A new case of 2q duplication supports either a locus for orofacial clefting between markers D2S1897 and D2S2023 or a locus for cleft palate only on chromosome 2q13-q21.

Am J Med Genet A 2005 Sep;137A(3):323-7

Medical Genetics Center, United Laboratories, Tartu University Clinics, Tartu, Estonia.
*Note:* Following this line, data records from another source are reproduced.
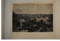
Atlanta, Georgia, After Destruction, Showing Trains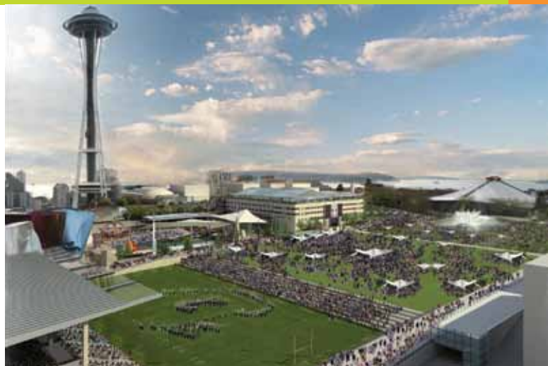
Rendering of future Memorial Stadium

Seattle City Council in 2008 adopted a forward-looking and far-reaching plan crafted by a 17-member citizens committee to guide future redevelopment at the 74-acre Seattle Center.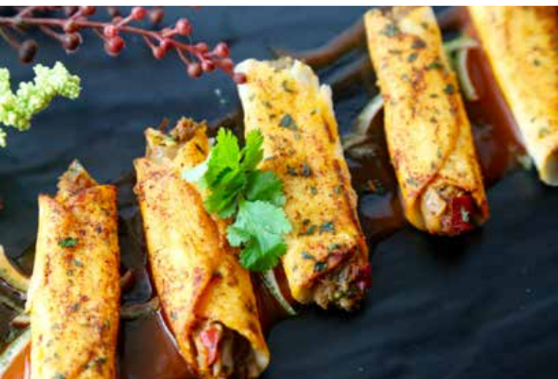
B2256 | Beef Barbacoa Taquito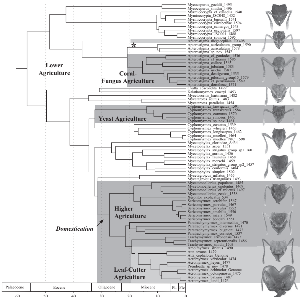
Figure 14.2 Time-dated chronogram of fungus-farming ants. Numbers at bottom indicate millions of years before present. The major agricultural systems (labeled) are characterized by the nearly monolithic fidelity of their component ants and fungi. The asterisk (*) indicates the only lower-attine ant species, Apterostigma megacephala , known to cultivate a higher-attine fungus. Adapted from Branstetter et al. (2017).

at least in lower and yeast agriculture there is occasional sexual recombination due to genetic continuity between cultivated and free-living populations. Importantly, horizontal transfer events are constrained by the boundaries of the five agricultural systems, i.e., the cultivation of a fungus from one agricultural system by an ant species from a different agricultural system is rare. Violations of the boundaries defining yeast agriculture and coral-fungus agriculture are entirely unknown, i.e., all observed associations occur solely between ants and fungi within those groups. Only one lower-attine ant species is known to cultivate a higher-attine fungus (figure 14.2) (Schultz et al. 2015), whereas a few non-leaf-cutting higher-attine ant species have been found cultivating lower-attine fungi (Mueller, Rehner, and Schultz 1998; Mueller et al. 2018; Solomon et al. 2019). Finally,

We report on a pure duplication of the proximal chromosome 2q in a 6.5-year-old boy with V-shaped midline cleft palate and bifid uvula, posteriorly located tongue, and micrognathia (Pierre Robin sequence), celiac disease, failure to thrive, and developmental delay. Cytogenetic and FISH analysis indicated a duplication of chromosome 2q13-q22. In general, pure proximal duplication or triplication of 2q is rare. The clinical features and chromosomal breakpoints of the 10 previously reported patients varied, and no common phenotype or proximal duplication/triplication 2q syndrome could be defined to date. However, based on four previous patients with different orofacial clefts and our case, a locus for orofacial clefting may be located at proximal 2q. The duplication/triplication comprised chromosome 2q13 in all five affected individuals including our patient. Our patient and three previous cases (two with cleft palate only (CPO) and one with cleft lip/palate (CL/P)) showed a cytogenetic breakpoint at 2q13, which could support the presence of a critical dominant gene disrupted by a common breakpoint, however, the fifth case with CPO showed different breakpoints, advocating against the disruption of a critical dominant gene and supporting that the overexpression of a gene(s) on chromosome 2q13-q21 may cause cleft palate only (CPO) and Pierre Robin sequence. Hence, our findings support either the presence of one locus for orofacial clefting (CL/P, CPO, and Pierre Robin sequence) between markers D2S1897 (chromosome 2q12.2) and D2S2023 (chromosome 2q14.2), or alternatively the presence of a locus for CPO and Pierre Robin sequence on chromosome 2q13-q21.